TASK>
What you return should be only the lines in the entries below between the one holding "Já estão abertas" and the one holding "[EWQ] O ネック中空アウトドレスプリーツフリルスプライスソリッドカラールーズカジュアルロングドレス夏潮", ends included, with every picture left out.

DATA SUPPLIED>
..............................

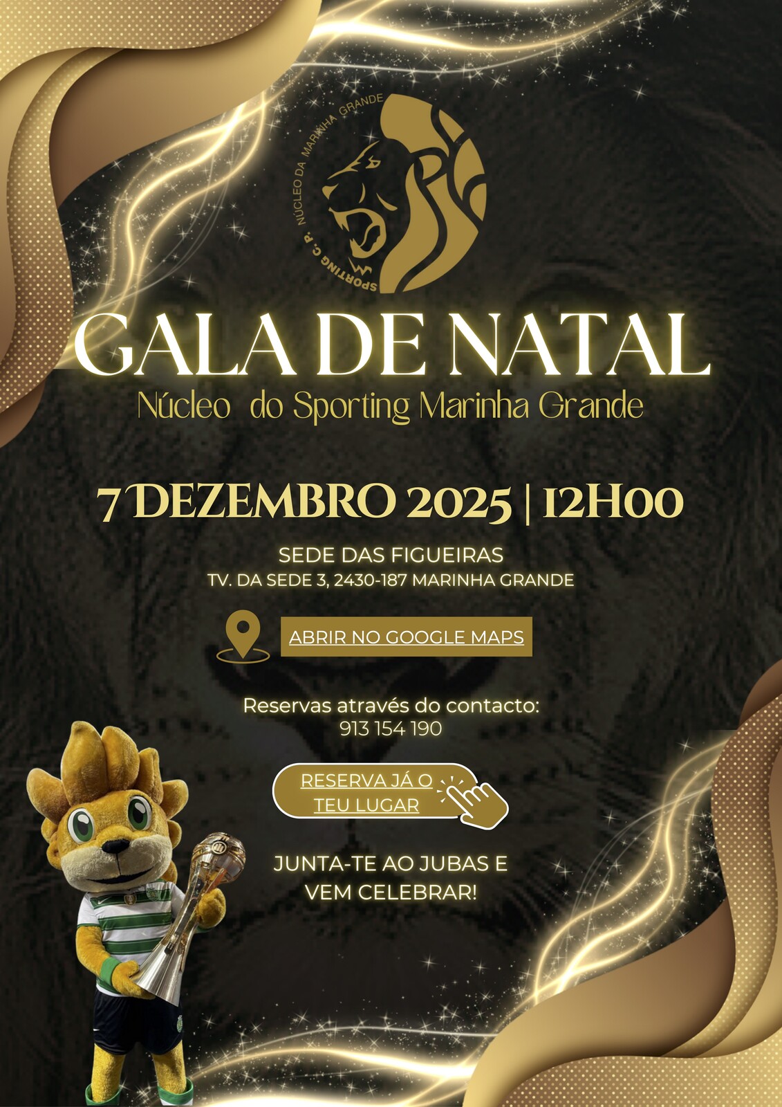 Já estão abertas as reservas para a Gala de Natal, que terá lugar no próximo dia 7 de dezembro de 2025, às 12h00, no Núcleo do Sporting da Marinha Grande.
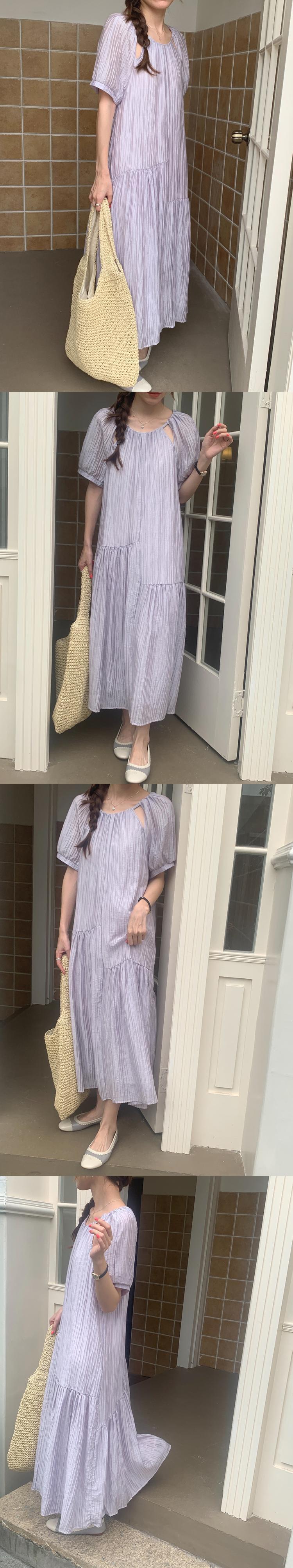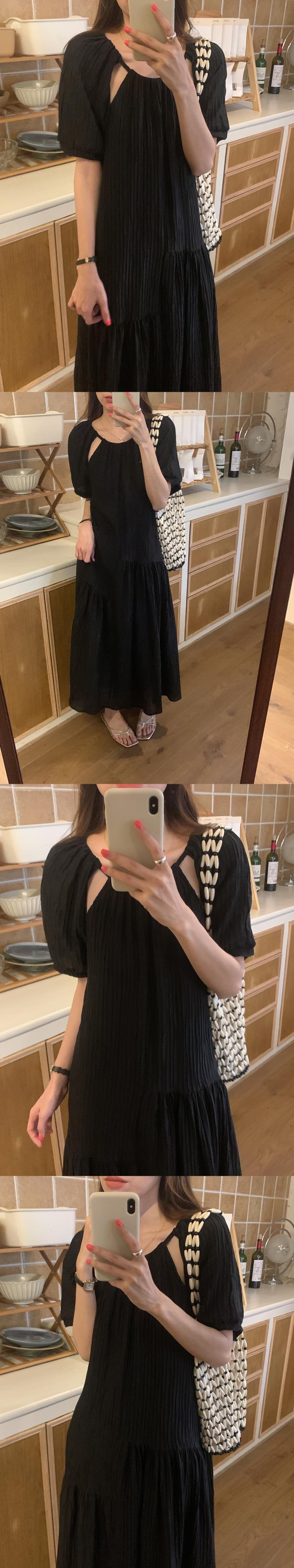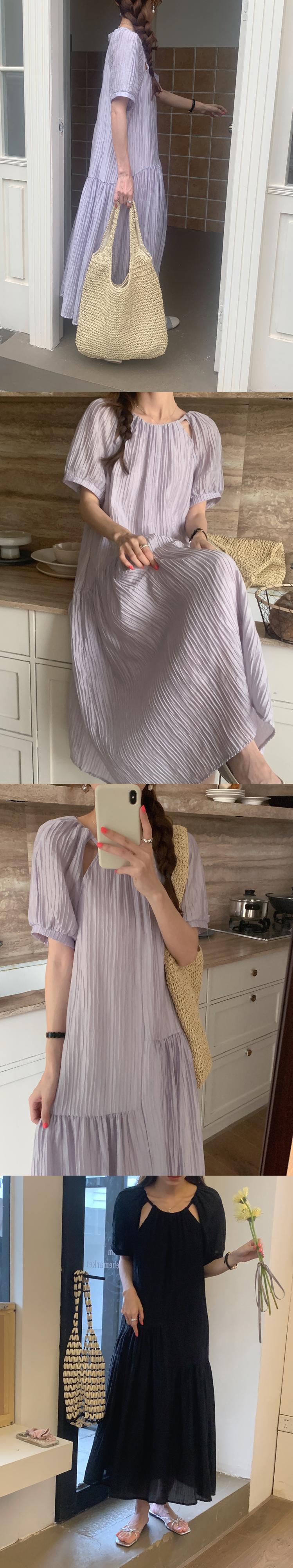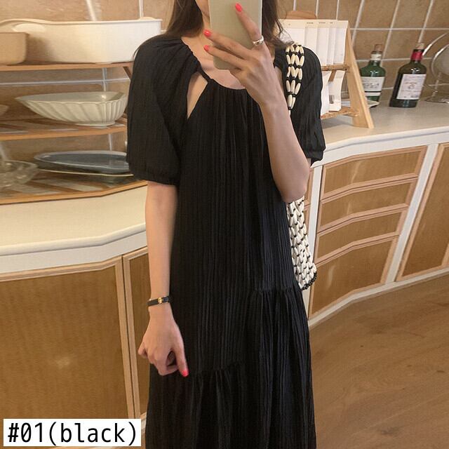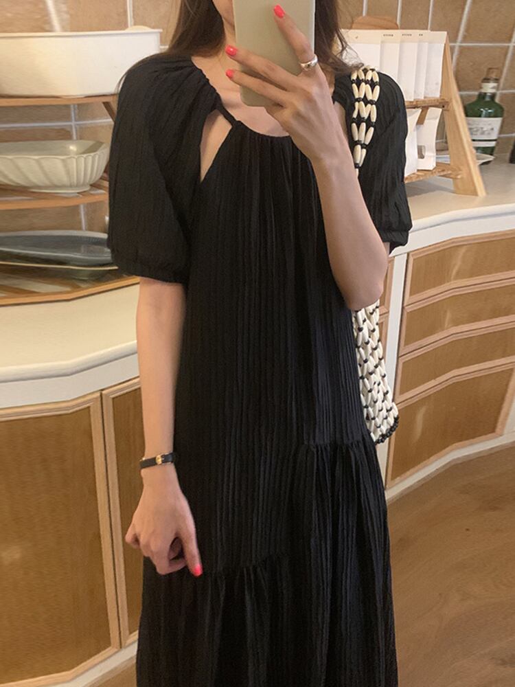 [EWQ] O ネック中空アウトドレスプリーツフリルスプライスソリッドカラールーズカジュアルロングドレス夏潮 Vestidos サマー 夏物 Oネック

..............................

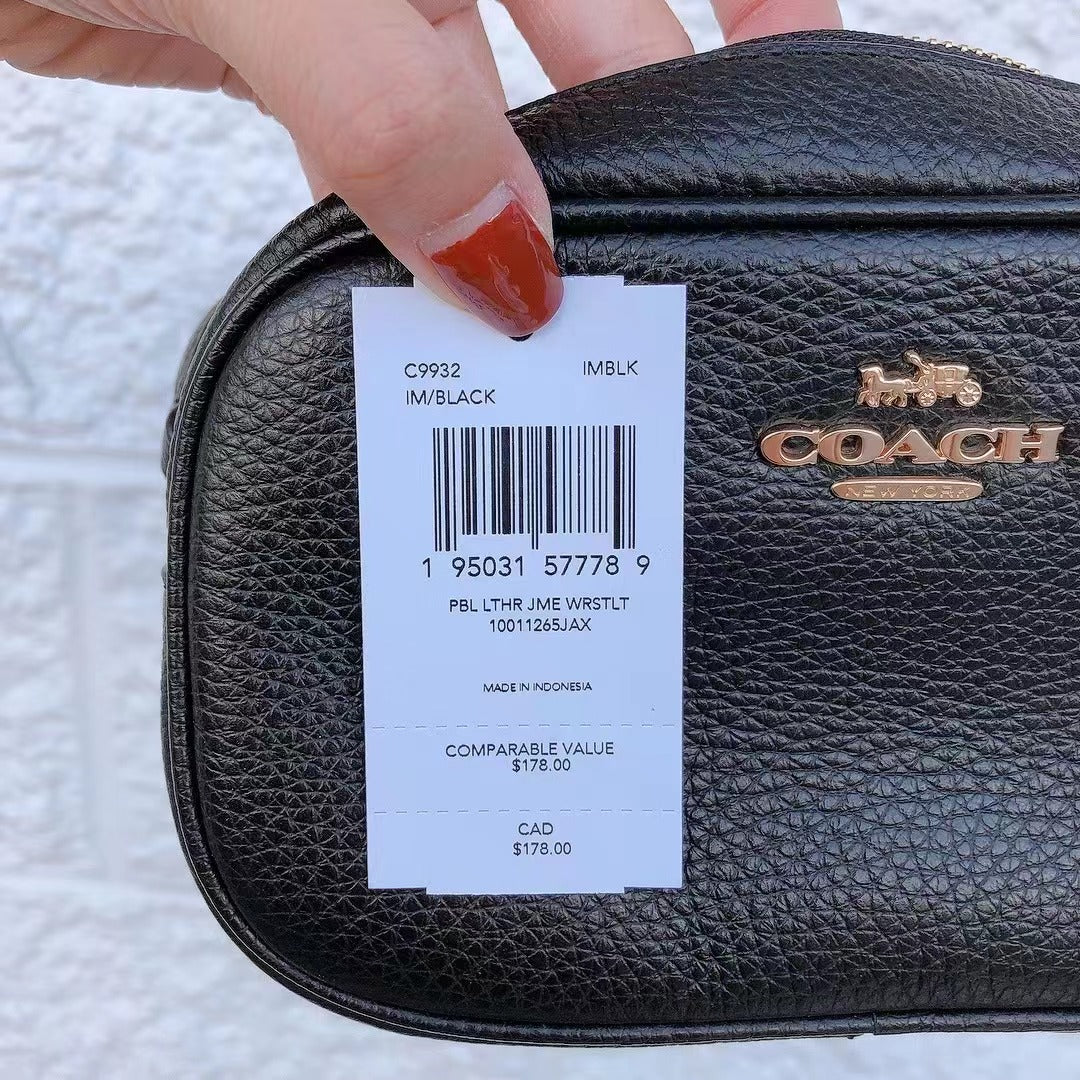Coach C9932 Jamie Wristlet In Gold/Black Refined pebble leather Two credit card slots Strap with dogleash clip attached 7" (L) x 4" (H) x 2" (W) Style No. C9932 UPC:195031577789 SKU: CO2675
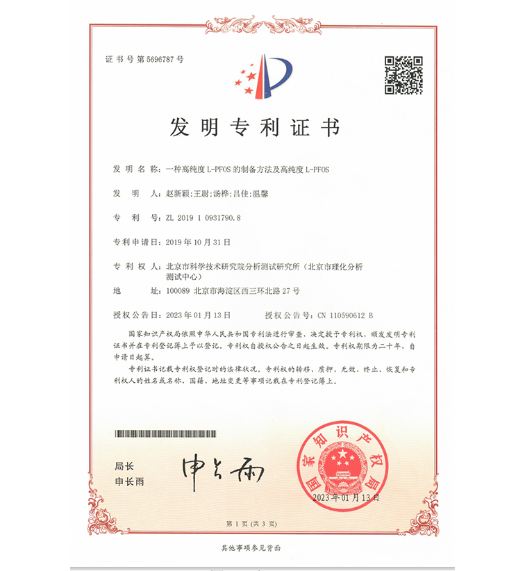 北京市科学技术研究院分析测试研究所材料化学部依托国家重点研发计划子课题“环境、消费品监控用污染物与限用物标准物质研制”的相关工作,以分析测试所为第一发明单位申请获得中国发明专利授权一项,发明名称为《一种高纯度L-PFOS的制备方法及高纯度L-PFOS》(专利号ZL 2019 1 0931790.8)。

..............................

WRITTEN SOLUTION>
 Já estão abertas as reservas para a Gala de Natal, que terá lugar no próximo dia 7 de dezembro de 2025, às 12h00, no Núcleo do Sporting da Marinha Grande.
 [EWQ] O ネック中空アウトドレスプリーツフリルスプライスソリッドカラールーズカジュアルロングドレス夏潮 Vestidos サマー 夏物 Oネック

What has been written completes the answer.